Lindsay, Ont.-based PlanPlus Inc. has released version 6.1 of its PlanPlus Planit financial planning software, which includes enhancements to help advisors determine optimal account withdrawal strategies for their clients.

Most advisors recommend strategies to minimize the amount of tax that a client pays by deferring as much taxable income as possible for as long as possible, however, during retirement this isn’t always the best strategy.

PlanPlus says it took the latest research in optimized investment withdrawal strategies, in order to minimize lifetime taxes and to make it very simple for an advisor to implement.

The basic idea is that if a client is in a low tax bracket early in retirement, it may be better to pull more money from their RRSP early rather than pay taxes at higher marginal rates later. PlanPlus takes it one step further with a proprietary new algorithm that can “top-up”, but also look at reducing from higher bands later in life.

“Just as important as the new algorithm, we measure the value the advisor can bring to their client by utilizing this strategy,” says Shawn Brayman, president & CEO at PlanPlus.

“We worked with Dynamic Mutual Funds who provided some great insights on how to keep some very complex planning issues simple for advisors and clients to digest. The fact that Dynamic makes this capability available free of charge through their advisor portal using PlanPlus Planit is a real benefit to the advisor channel in Canada,” says Brayman.

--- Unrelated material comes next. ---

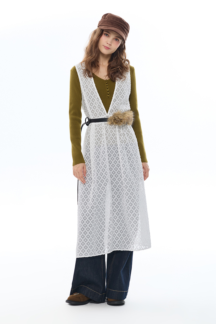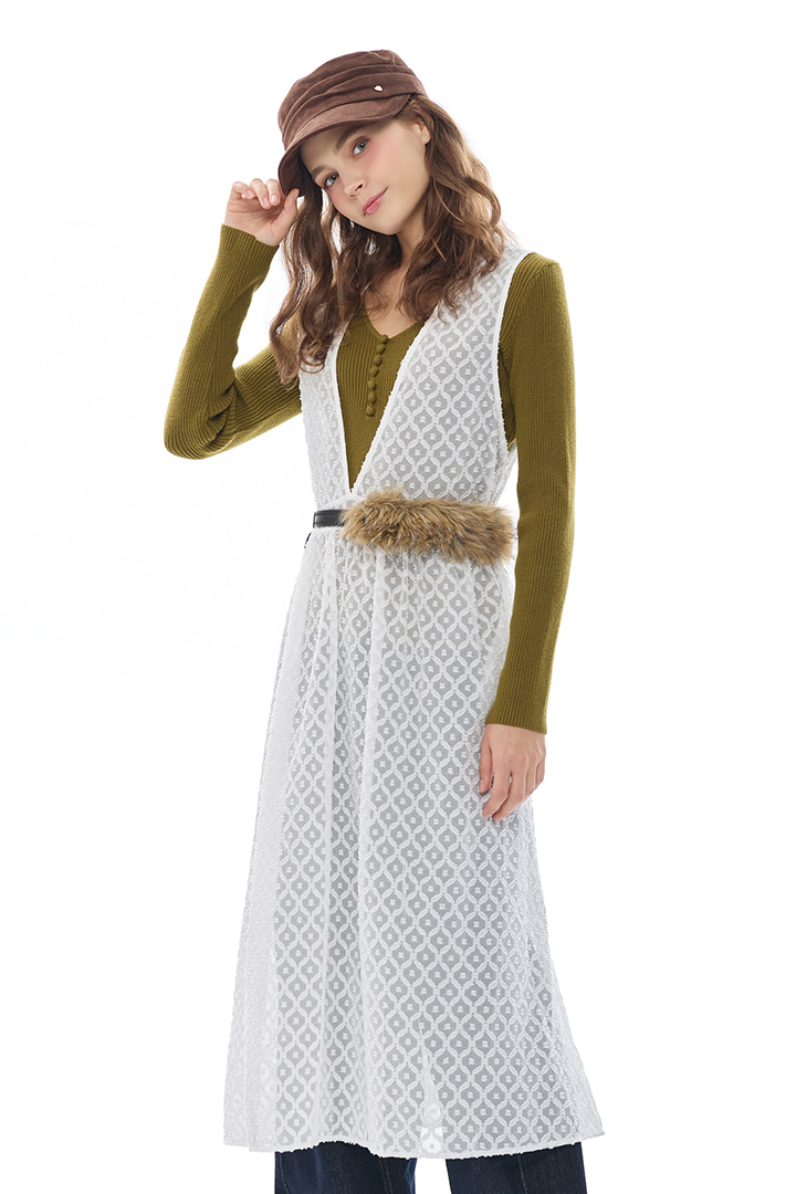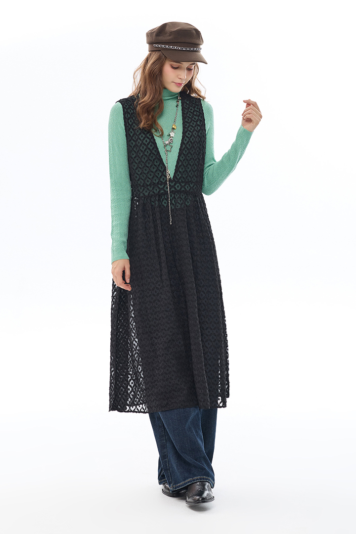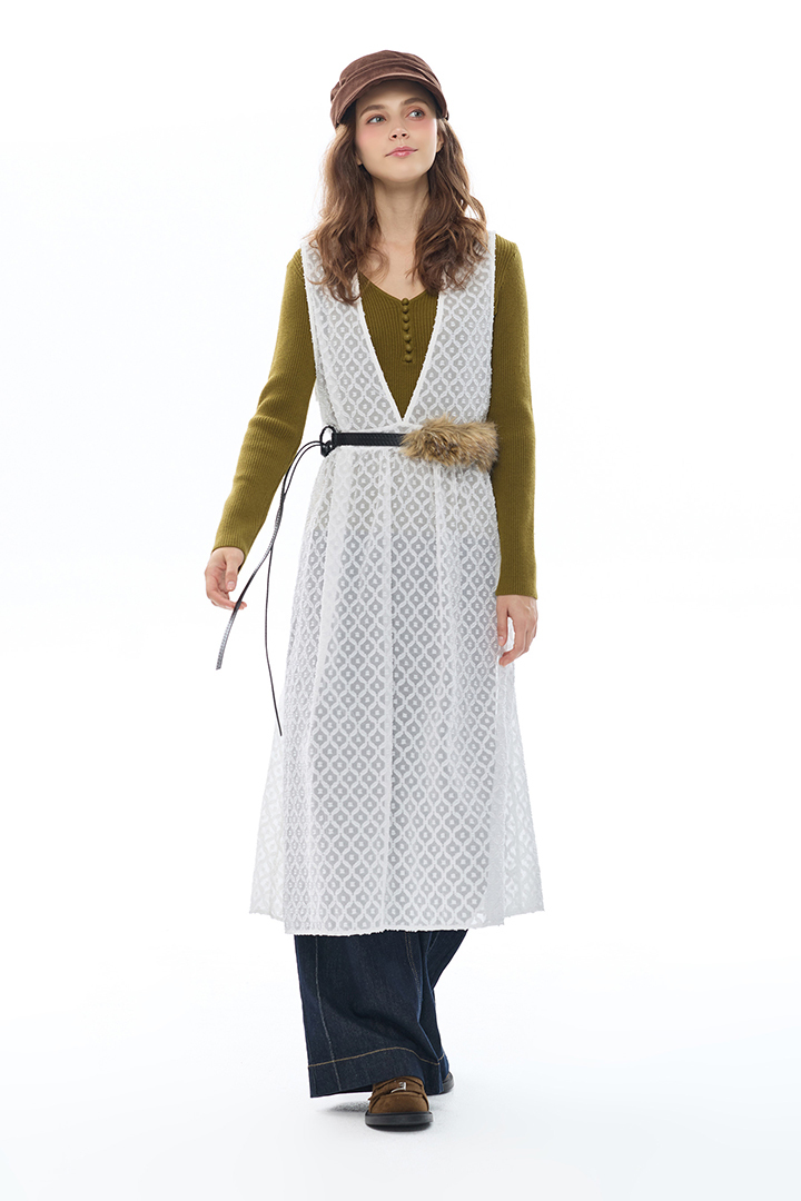 蕾絲V領層次設計,作為疊穿搭配,冬日造型溫柔加分
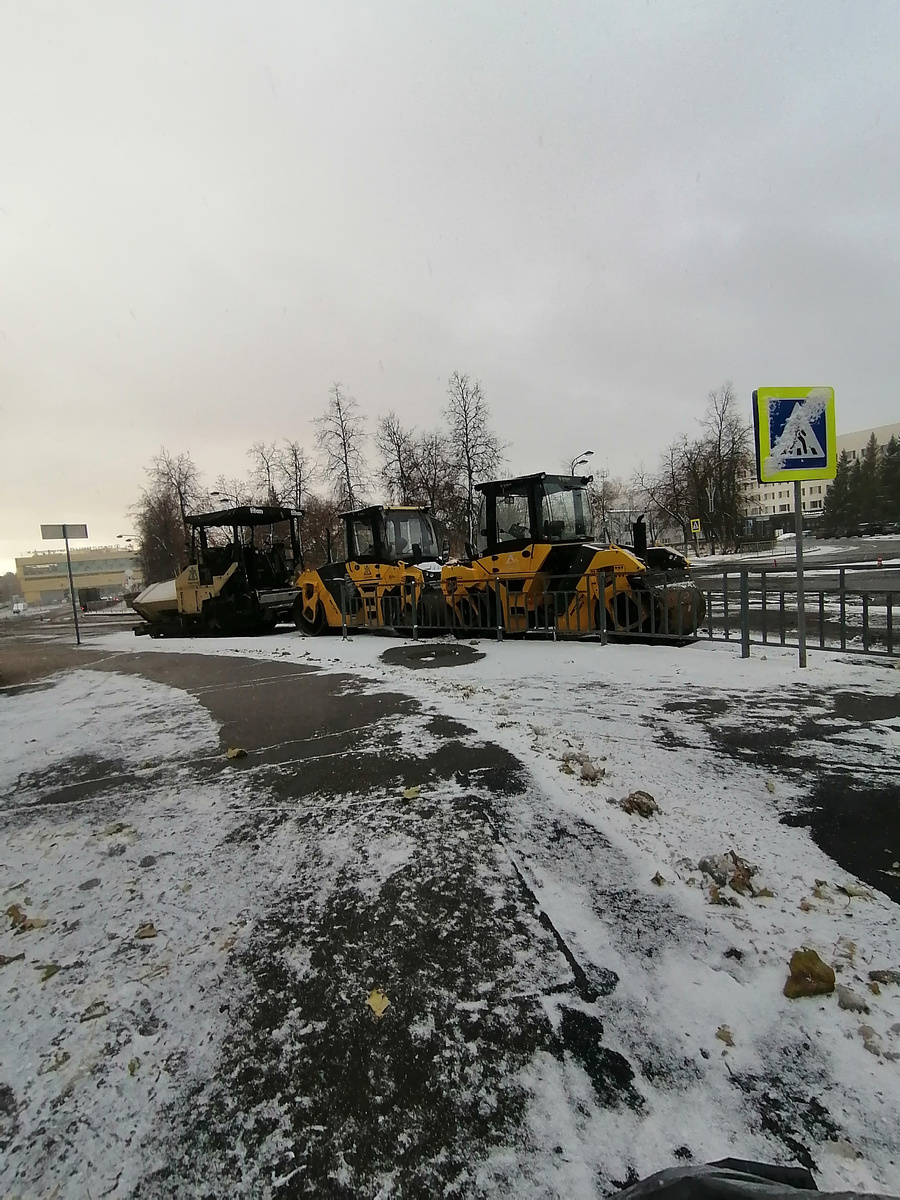Ну вот просто новейшие технологии, когда асфальт лучше уляжется именно на мерзлую землю. Ну, не совсем на землю, конечно, а на подготовленное многослойное основание (песок, щебень, битум и прочее). Даже без подсказок можно догадаться, что лучшее время укладки асфальта, это когда сухо и тепло. Этим летом, и даже осенью, было сухо. И очень тепло. Но асфальт почему-то не укладывали. А начали только сейчас, с первым снежком. Это воскресное утро, поэтому техника не работает. Вот ближе к обеду, наверное, начнут. Многослойность основания дорожники, конечно, соблюдают. Хотя, возможно, некоторые слои пропускают. Экономят. Ну и ещё фото. Интересно, как долго будет служить асфальтовое покрытие, уложенное в таких погодных условиях? Наверное, примерно столько же, сколько держалась штукатурка с краской на этом доме. Даже до кирпичной кладки всё отваливается. Ремонт дома производили в 2020 году. Следующий запланирован на 2025 год. А дом этот, в исторической части Дзержинска, хоть и не об

PlanPlus says the tax optimization feature in the new software release saves advisors a huge amount of time, as the process normally requires some intricate math calculations and trial and error to estimate. The software can process the calculations while quantifying the amount that the strategy has saved the client, which in many situations can be hundreds of thousands of dollars of future taxes.

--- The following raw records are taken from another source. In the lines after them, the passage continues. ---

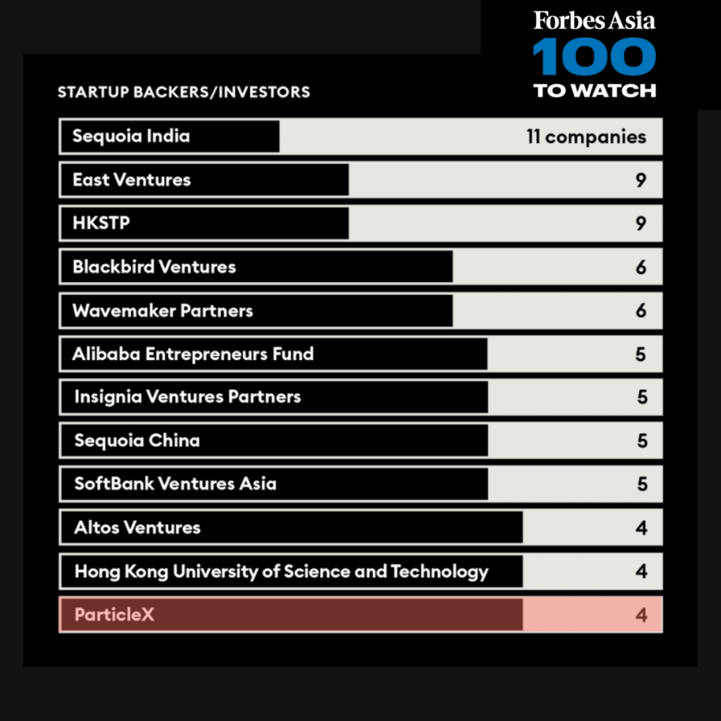 We are thrilled and honored to be recognized on the Forbes Asia 100 to Watch list of leading startup backers/ investors. We appreciate not just the acknowledgment, but also the opportunity to collaborate with so many venture partners, including Hong Kong Science and Technology Park, Alibaba Entrepreneurs Fund, Hong Kong University of Science and Technology, and many more.
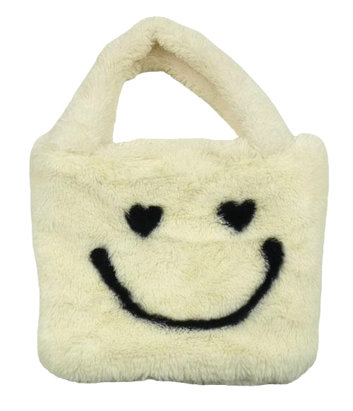 Béžová kožešinová kabelka se smajlíkem
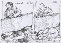 Entwürfe zur Plakataktion "Reich scheisst auf arm" III 30 x 21 cm Bleistift im Besitz des Künstlers Werkfoto: Wolfgang Lücke |
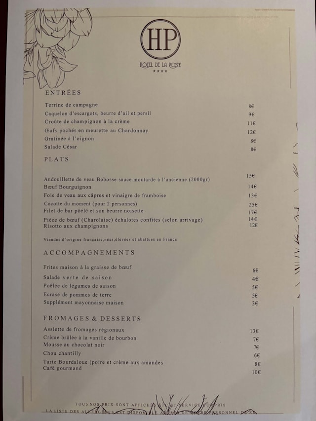 Though my French is not great, the staff made me feel welcome. The food and drinks were very tasty, with lovely presentation. I would recommend this place if you’re in the area. The hotel looks lovely as well.
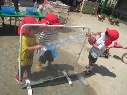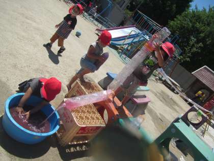 色水遊びが,とても楽しい今日この頃。遊びの中で,だんだん色が変わっていくことに興味をもち始めた子ども達にとって,どんな遊びの場があると,もっとおもしろくなるのかなぁ・・・と考え,透明のペットボトルを色々な方向につないで「色水スライダー」で遊べる場を設けてみました。自分の色水を入れた後に,友達が色水を入れると,出てくる色は,あらまぁ不思議!!別の色になって出てくるではありませんか!!何度も,何度も繰り返しながら遊ぶ子どもたちの姿が見られました!

The latest version of the software also features the “Cash Wedge” planning technique, developed to assist advisors in maintaining the right proportion of a client’s portfolio in cash or maturing fixed income products. The goal is to ensure that sufficient liquid non-equity investments are available to cover a client’s income needs over the next three-year period. As a result a client will not need to cash in equities at the wrong time in the event of another market downturn.